*WHAT YOU NEED TO DO*.
For this exercise, write out each entry below exactly, omitting the images.

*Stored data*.
□ □ □

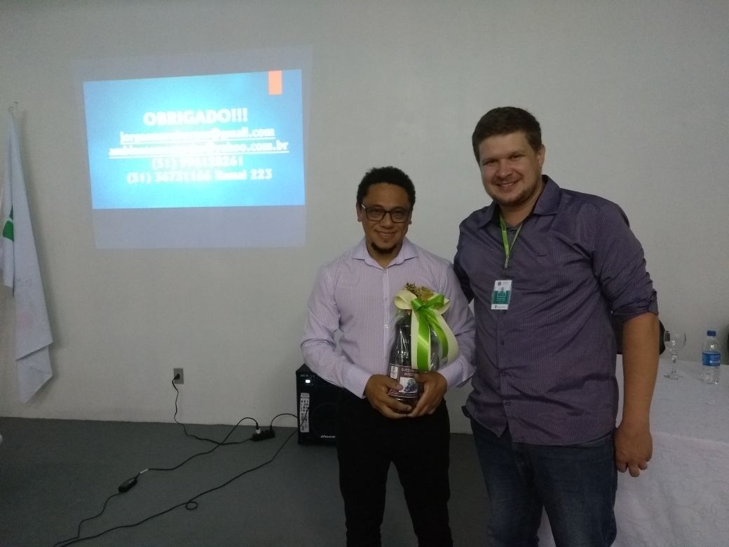A diretora-geral, Renata Rotta, e o professor Rodrigo Magnus Soder, coordenador do Núcleo de Inovação Tecnológica do IFFar – Campus Santa Rosa (NIT), participaram do evento.
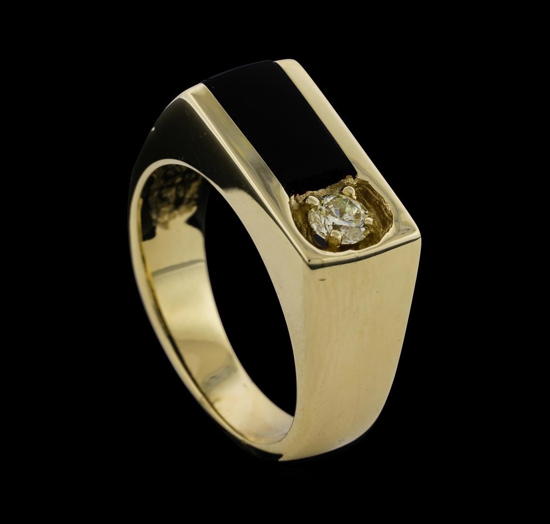 One electronically tested 14KT yellow gold man's cast fashion ring with a tapered shank with a bright polish finish. The featured lady's ring has an inlaid section of onyx and a shank measuring 4.13 millimeters wide. Identified with markings of "14K". Condition is like new, good workmanship. Containing: One prong set round brilliant cut diamond, measuring 4.30 - 4.25 x 2.57mm (depth est.) approximate weight of 0.29ct. Graded in the setting. Clarity: VS-2. Color: ICut Very Good. Total Weight of Diamonds 0.29ct. Total Weight of Ring 10.50gm. GAS Appraised.
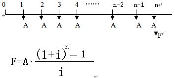 F=A(1+i)0+A( 1+i)1+A( 1+i)2+……+A(1+i)n-2+ A(1+i)n-1
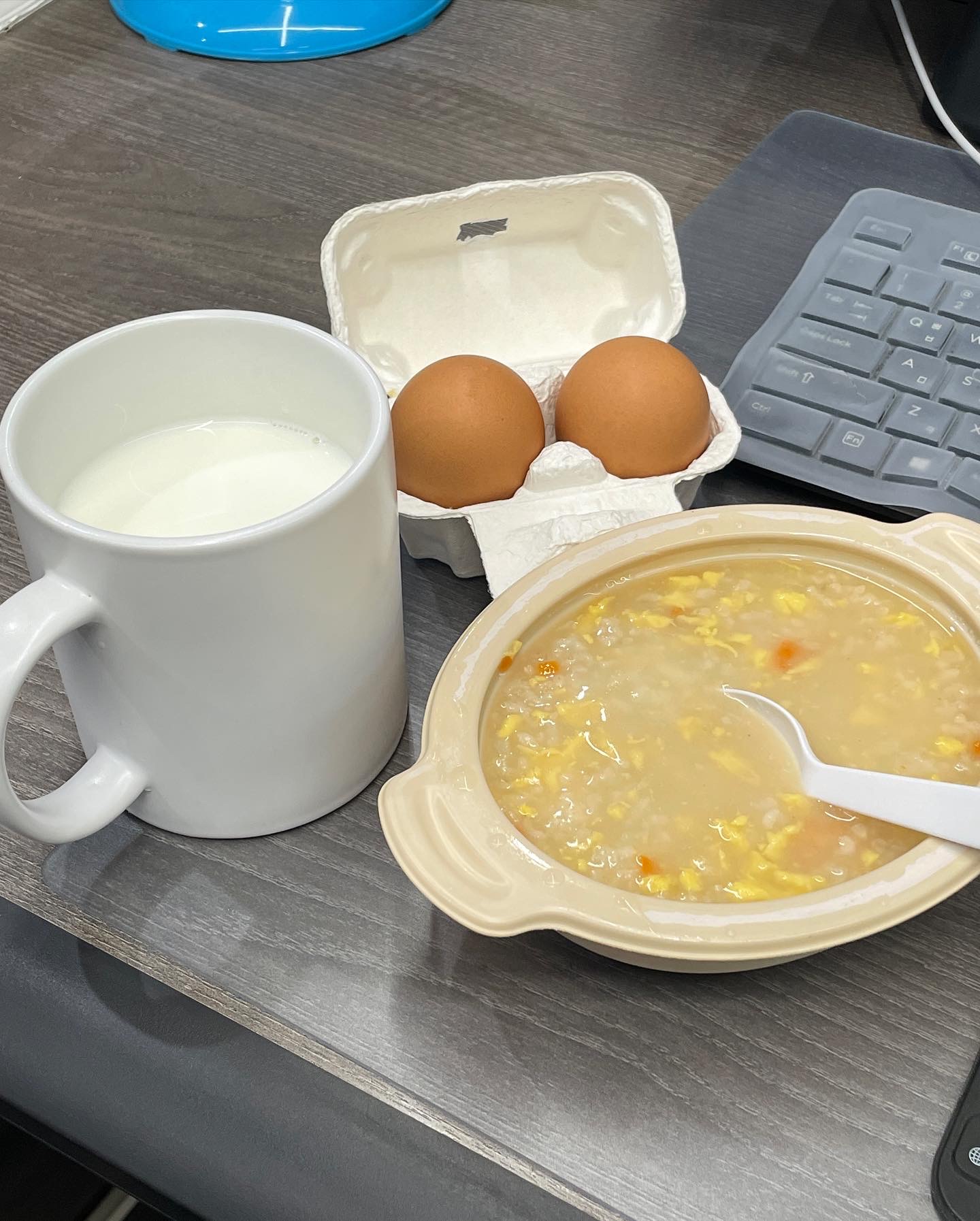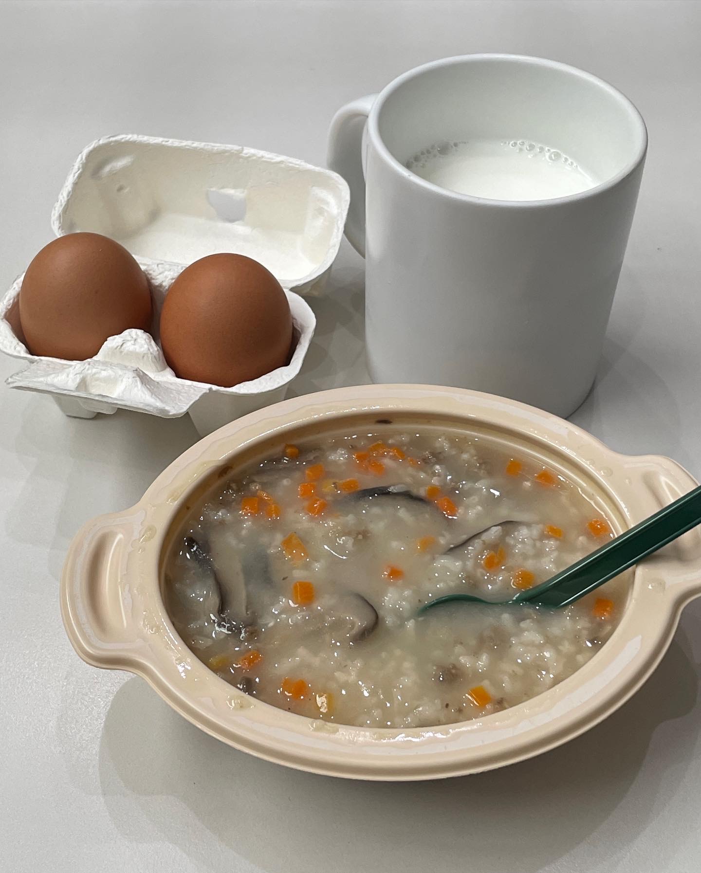 #점심 - 뚜레쥬르 새우계란죽, 반숙란 2개, 우유 한 잔 : 뚜레쥬르에는 소고기죽, 새우계란죽, 단호박죽이 있습니다. 개인적으로는 새우계란죽이 제일 나은 것 같아요. (건더기, 맛 등) 반숙란은 뭐, 1등입니다.
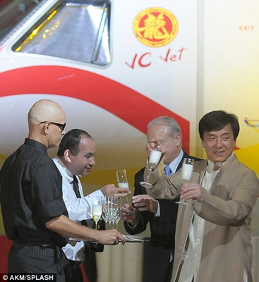Sweet deal: Jackie Chan toasted his new jet during a news conference Feb.5th in Sao Paulo, Brazil.

□ □ □

*RESULT OF THE TASK*.
A diretora-geral, Renata Rotta, e o professor Rodrigo Magnus Soder, coordenador do Núcleo de Inovação Tecnológica do IFFar – Campus Santa Rosa (NIT), participaram do evento.
 One electronically tested 14KT yellow gold man's cast fashion ring with a tapered shank with a bright polish finish. The featured lady's ring has an inlaid section of onyx and a shank measuring 4.13 millimeters wide. Identified with markings of "14K". Condition is like new, good workmanship. Containing: One prong set round brilliant cut diamond, measuring 4.30 - 4.25 x 2.57mm (depth est.) approximate weight of 0.29ct. Graded in the setting. Clarity: VS-2. Color: ICut Very Good. Total Weight of Diamonds 0.29ct. Total Weight of Ring 10.50gm. GAS Appraised.
 F=A(1+i)0+A( 1+i)1+A( 1+i)2+……+A(1+i)n-2+ A(1+i)n-1
 #점심 - 뚜레쥬르 새우계란죽, 반숙란 2개, 우유 한 잔 : 뚜레쥬르에는 소고기죽, 새우계란죽, 단호박죽이 있습니다. 개인적으로는 새우계란죽이 제일 나은 것 같아요. (건더기, 맛 등) 반숙란은 뭐, 1등입니다.
Sweet deal: Jackie Chan toasted his new jet during a news conference Feb.5th in Sao Paulo, Brazil.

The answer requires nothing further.